Since low differentiation of cSCC is an established risk factor for both tumour recurrence and metastasis (4, 5), this study analysed PD-L1, TIGIT and CD155 expression and CD8⁺ TIL infiltration individually in well-differentiated (G1, n = 9), moderately-differentiated (G2, n = 11) and poorly-differentiated primary cSCC (G3, n = 16) as well as in highly differentiated KA (n = 9) and cutaneous metastasis (n = 5) (Fig. 2). A significantly higher PD-L1 TPS was detected in G3-cSCC compared with G1-cSCC (p < 0.05), G2-cSCC (p < 0.05), KA (p < 0.001) and metastases (p < 0.05) (Fig. 2A), while no significant differences in PD-L1 IC were noticed across specimens (Fig. 2B). The proportion of TIGIT⁺ cells was significantly lower in G3-cSCC (p < 0.001) and metastasis (p < 0.05) compared with highly differentiated KA while differences among G1-, G2- and G3-cSCC or metastasis were not statistically significant (Fig. 2C). Contrasting the high portion of TIGIT⁺ infiltrates in KA and low proportion of TIGIT⁺ infiltrates seen in G3-cSCC, the TIGIT ligand CD155 exhibited a reverse expression pattern (Fig. 2 D). The overall lowest proportion of CD155⁺ tumour cells was found in highly differentiated KA with a significantly higher proportion of CD155⁺ tumour cells in G3-cSCC (Fig. 2D, p < 0.01). Differences in CD155 expression among G1- and G2-cSCC compared with G3-cSCC and metastasis were not statistically significant (Fig. 2D). A significantly higher proportion of CD8⁺ TIL was noted in KA compared with G1-cSCC (Fig. 2E, p < 0.01), which displayed the overall lowest CD8⁺ infiltration. The second lowest CD8⁺ TIL density was found in metastases (Fig. 2E).

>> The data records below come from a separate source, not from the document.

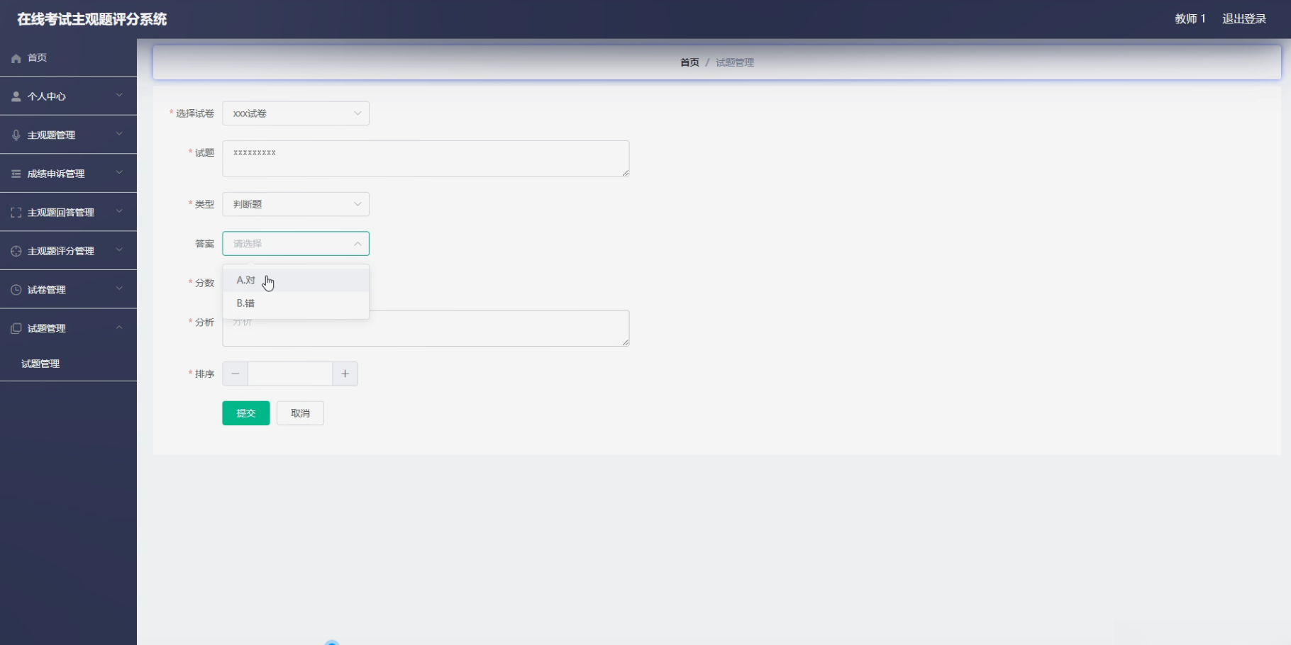 主观题评分是考试中不可或缺的一环,其公正性和准确性直接影响到学生的学习成果和未来的升学发展。目前,线下主观题评分方式存在许多问题,如评分标准不统一、评分过程不透明等,这些问题不仅影响了评分的公正性,也影响了学生的学习积极性和学习效果。因此,开发一款在线考试主观题评分系统,能够有效地解决这些问题,提高评分的效率和公正性,对于学生的学习和发展具有重要的意义。
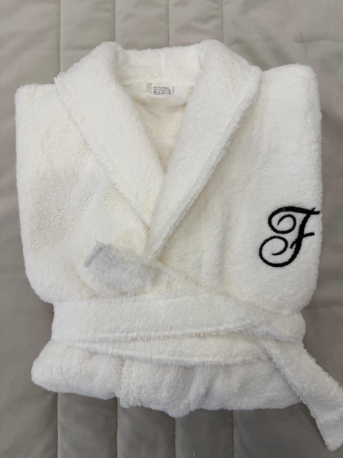 Robe de Banho em felpo, com mangas compridas, de trespasse com cinto ajustável e bolsos frontais.
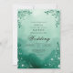 A serene watercolor wash in deep teal and mist green sets a tranquil mood, framed by delicate, ethereal foliage accents. This design evokes a sense of natural beauty and gentle romance for your special day.
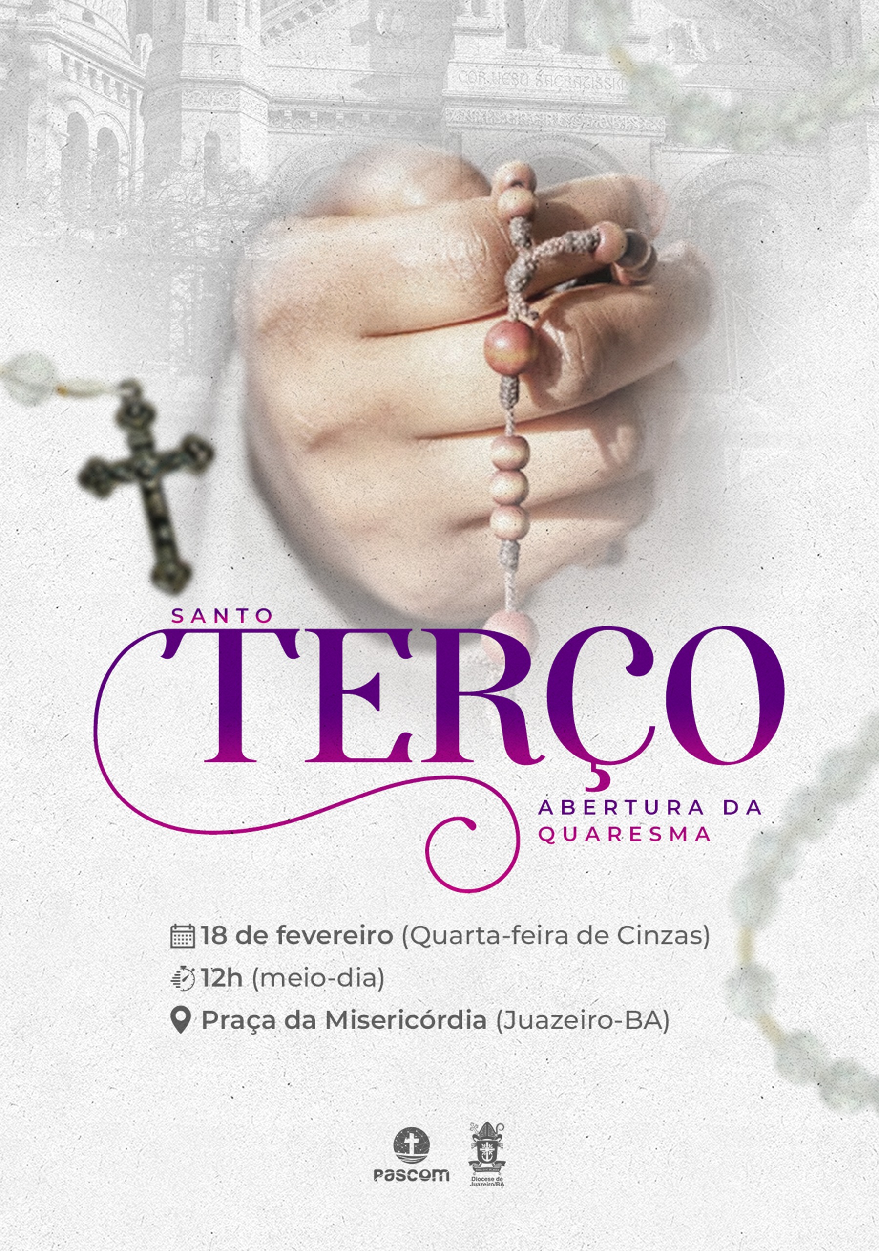 A Diocese de Juazeiro realizará a abertura da Quaresma na Quarta-Feira de Cinzas, dia 18 de fevereiro, e convoca fiéis para rezar o Terço ao meio-dia na Praça da Misericórdia, centro da cidade.m Juazeiro (BA).

Fig. 2. Programmed death-ligand 1 (PD-L1), T-cell immunoreceptor with immunoglobulin and immunoreceptor tyrosine-based inhibition motif domain (TIGIT) and CD155 expression and CD8+ immune infiltrates in keratoacanthoma across different degrees of differentiation (G1–G3) of primary cutaneous squamous cell carcinoma (cSCC) and cutaneous metastases. (A) PD-L1 immunoexpression (Tumor Proportion Score (TPS), %). (B) PD-L1 immunoexpression (Immune Cell Score (IC), %). (C) TIGIT immunoexpression (%). (D) CD155 immunoexpression (%). (E) CD8 immunoexpression (%). p-values are obtained by applying Wilcoxon’s ranked-sum test. p<0.05 was considered statistically significant. *p < 0.05; **p < 0.01; ***p < 0.001. G1: well differentiated; G2: moderately differentiated; G3: poorly differentiated; KA: keratoacanthoma.

Reciprocal relationships between iICP expression patterns and CD8⁺ host immunity

To study the reciprocal relationships between iICP expression patterns and CD8⁺ host immunity in the TME this study stratified primary tumours (i.e. cSCC and KA) for positive iICP expression at indicated cut-offs and the density of CD8⁺ TIL (Fig. 3). While stratification for PD-L1 and CD155 positivity did not show significant differences regarding CD8⁺ TIL densities (Fig. 3A and D), TIGIT positive primary tumours showed significantly increased CD8⁺ TIL compared with TIGIT negative primary tumours (Fig. 3C, p < 0.05). Furthermore, TIGIT⁺ infiltrates were significantly increased in PD-L1 IC-positive tumours (Fig. 3F, p = 0.05), while stratification for tumoural PD-L1 expression did not reveal a significant difference (Fig. 3E, p = 0.13). Conversely, PD-L1 TPS-positive specimens displayed significantly higher tumoural expression of the TIGIT ligand CD155 (Fig. 3G, p < 0.001), while the difference in CD155 expression did not reach significance when tumours were stratified for PD-L1 IC positivity (Fig. 3H) or TIGIT (Fig. 3I).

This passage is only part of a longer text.